6-5. Confluence (join) — when branches merge

Section titled “6-5. Confluence (join) — when branches merge”

After an if’s two branches merge, which facts survive? The answer is “only facts holding on both branches”:

if cond
# branch A: x is Integer
else
# branch B: x is String
end
# after the merge: x is Integer | String (the "common part" of both branches' facts = join)

The FactStore’s join keeps only the common part of the two entrances’ fact sets (types union, facts intersect). “join” is dataflow analysis’s idiom (the operation at a merge point), corresponding not to the type lattice’s join (upper bound) but to the fact lattice’s meet (common part). The Little volume combined an if’s result type with Type.union, but didn’t do join at the fact level. The Seasoned volume’s FactStore generalizes that.
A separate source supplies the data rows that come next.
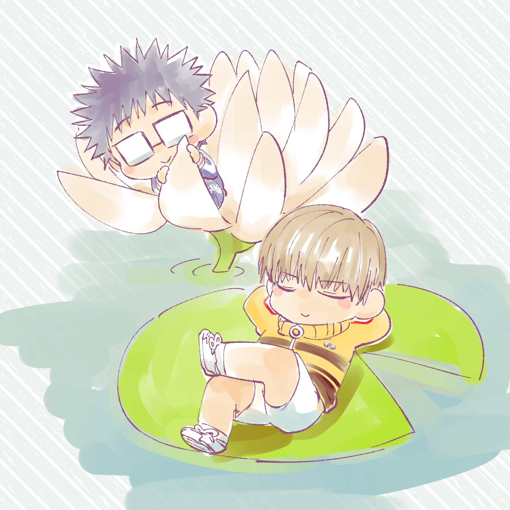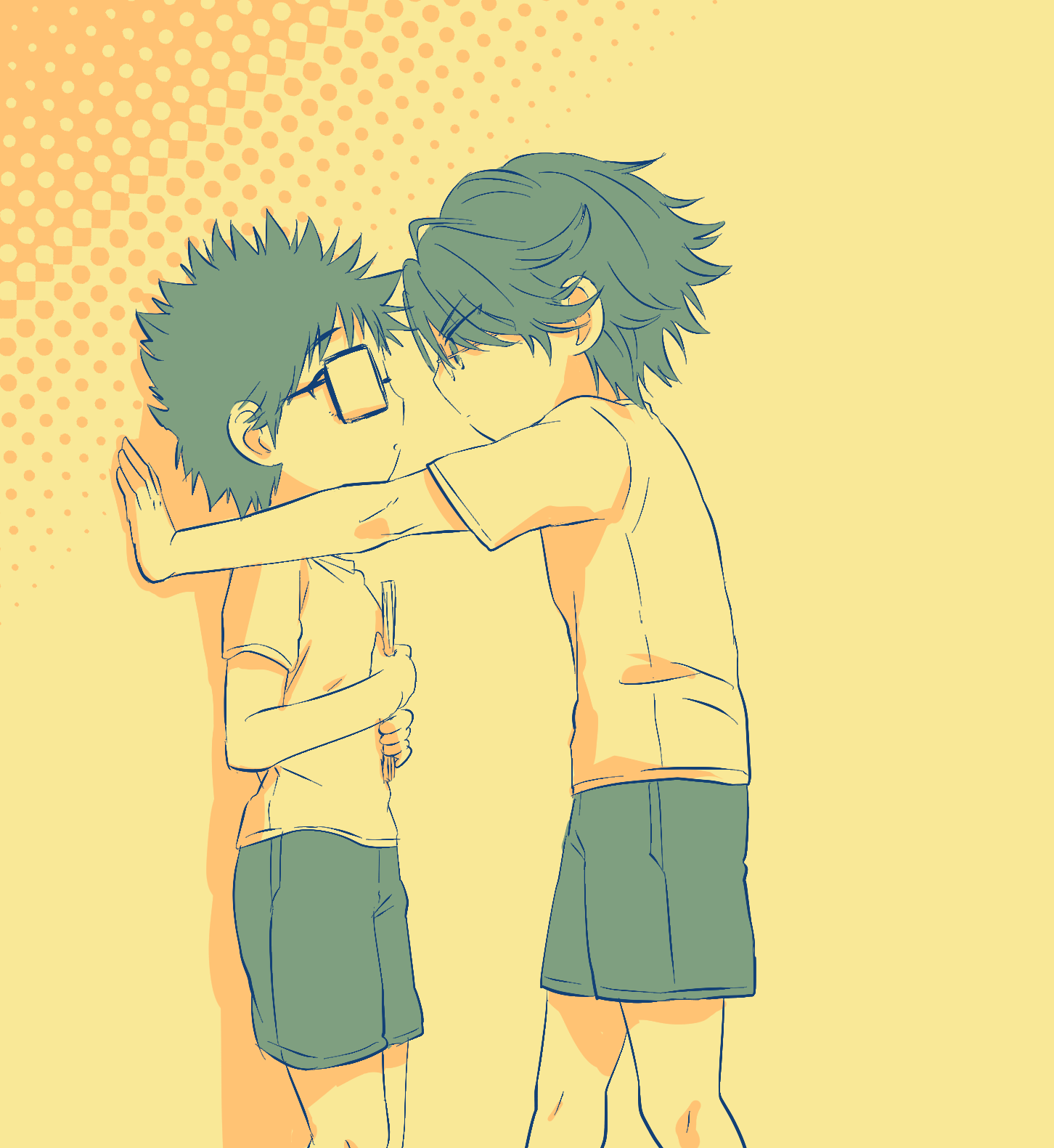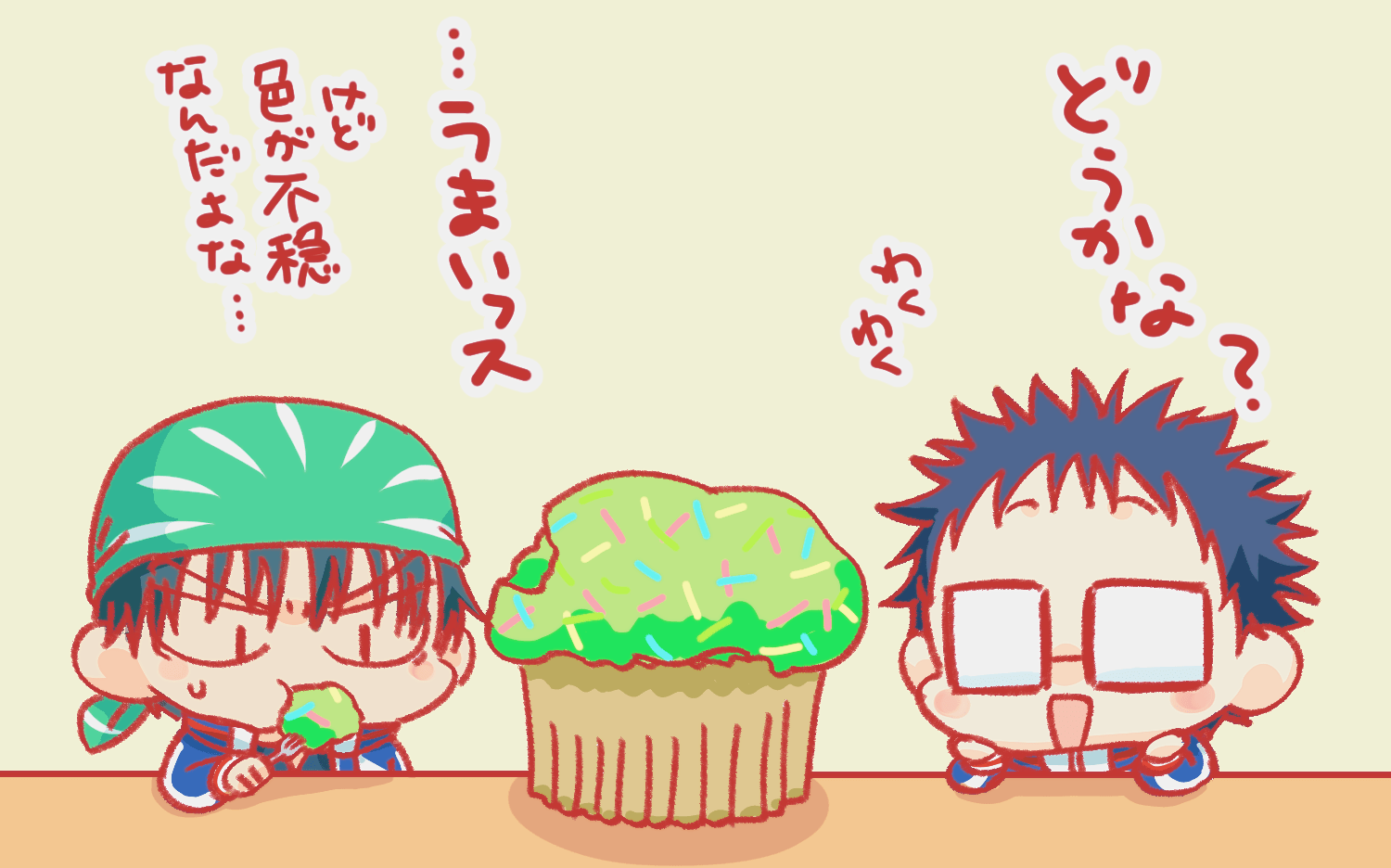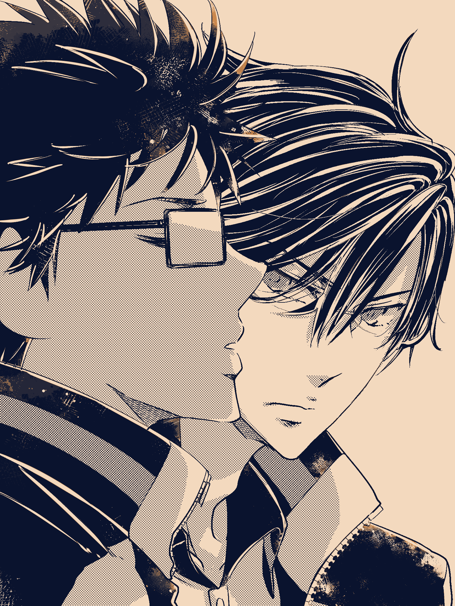 元は原作絵をイメージしながら手塚の髪色を黒めにしたんだけど、最後に加工をかけたら何の因果か普通にアニメ風の茶髪になったんだ!!(*^◯^*)くそう…っ!!(でもこれはこれでアリかと思うので使うんだ!!(*^◯^*))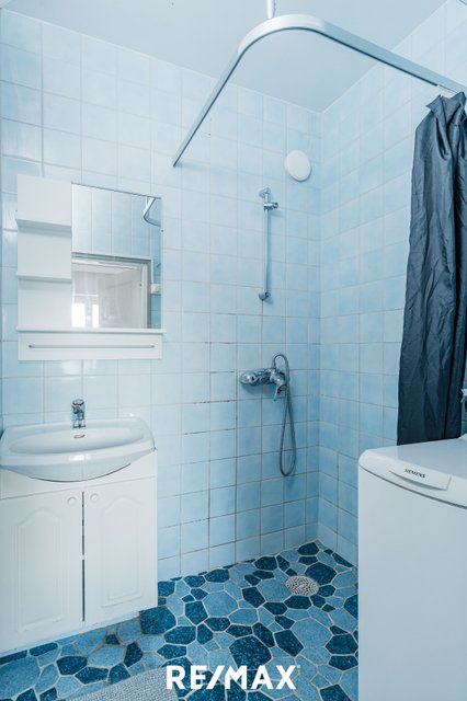 - Suihku, pesukoneliitäntä, peili, pesuallas, ja allaskaappi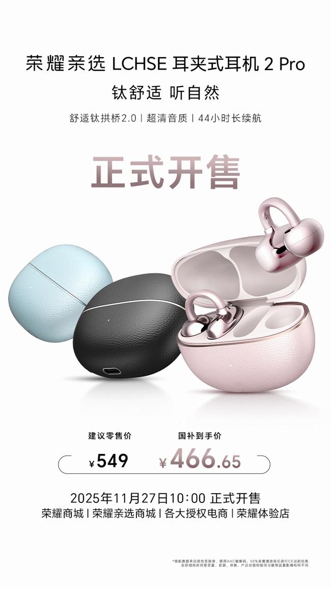 目前,荣耀耳夹耳机2 Pro已在11月27日10:00全渠道开售,共有典雅黑、玫瑰金、天青釉三款时尚配色可选,国补到手价466.65元。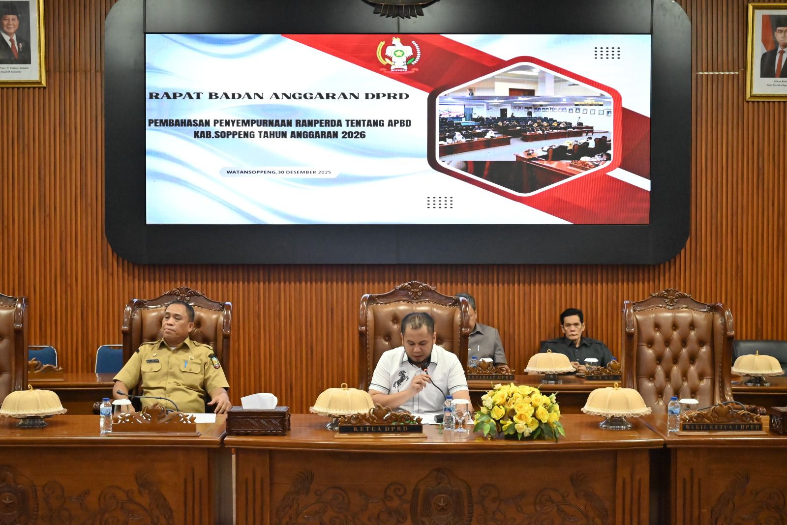 DPRD Kabupaten Soppeng melalui Badan Anggaran (Banggar) menggelar rapat bersama Tim Anggaran Pemerintah Daerah (TAPD) dalam rangka pembahasan penyempurnaan hasil evaluasi Rancangan Peraturan Daerah tentang APBD Tahun Anggaran 2026, Selasa (30/12/2025).

6-6. Still immutable, still flow-sensitive

Section titled “6-6. Still immutable, still flow-sensitive”

Even with all this added, the design’s core is the same as the Little volume:

  • Immutable: the FactStore, like Scope, is immutable. with_fact/invalidate return a new store. “What holds at which point” is traceable without destroying state.
  • Flow-sensitive: facts differ at each point of the program. The same x holds different facts inside and outside an if.
  • Narrowing only adds a fact: not type substitution but the addition of a fact (still Little Part 5 (Narrowing)‘s policy).

  • Generalize the type environment into a flow-sensitive set of facts = the FactStore.
  • Facts split into six buckets by the kind of subject, and split the timing of invalidation.
  • stability (lifetime): conservatively erase on reassignment, method call, escape. When in doubt, erase.
  • Closure capture: if a block writes the outer, invalidate the fact. Handling differs by how it’s called (immediate / deferred).
  • join: at a branch merge, keep only facts holding on both branches.
  • Immutable, flow-sensitive, “only adds a fact” — invariant from the Little volume.
  • The individual narrowing patterns (&&/||, regexp captures, refinement carriers, ivar unions, escaping blocks) are consolidated in appendix a2.
  1. Reassignment erases a fact: in examples/fact_invalidation.rb, state in which bucket and why x’s “non-nil” fact should be invalidated after x = nil; arr.each { |i| x = i } (local_binding or captured_local).
  2. Bucket-specified invalidation: in one sentence, why it’s safe for obj.mutate! to drop only obj’s object_content facts and keep local_binding (that obj is a User, etc.). And what goes wrong if you erase everything.
  3. Trace a join: after the merge of if cond; x=1 else x="a" end, what facts remain about x (the intersection of both branches)? If you kept “facts holding on one side” too, state why it becomes a false positive.

Next chapter (Part 7): so far we’ve stacked “when in doubt, erase” and “deliberately loosen.” Next chapter we take those head-on — soundness and normalization, and the four places Rigor makes deliberately unsound. We gather gradual’s two disciplines (consistency and guarantee) and “coinduction vs. budget” in one place, pairing with Seasoned Part 1’s bidirectional map.


This chapter’s design sketchexamples/fact_invalidation.rb (self-checks with ruby fact_invalidation.rb)

  1. Of the six buckets, local_binding/captured_local/object_content/global_storage/ relational split by “the subject a fact attaches to,” whereas dynamic_origin alone is a separate lineage “tracking the origin of untyped.” Note that its standing differs (it lines up as the sixth in the real spec too, but its role is separate).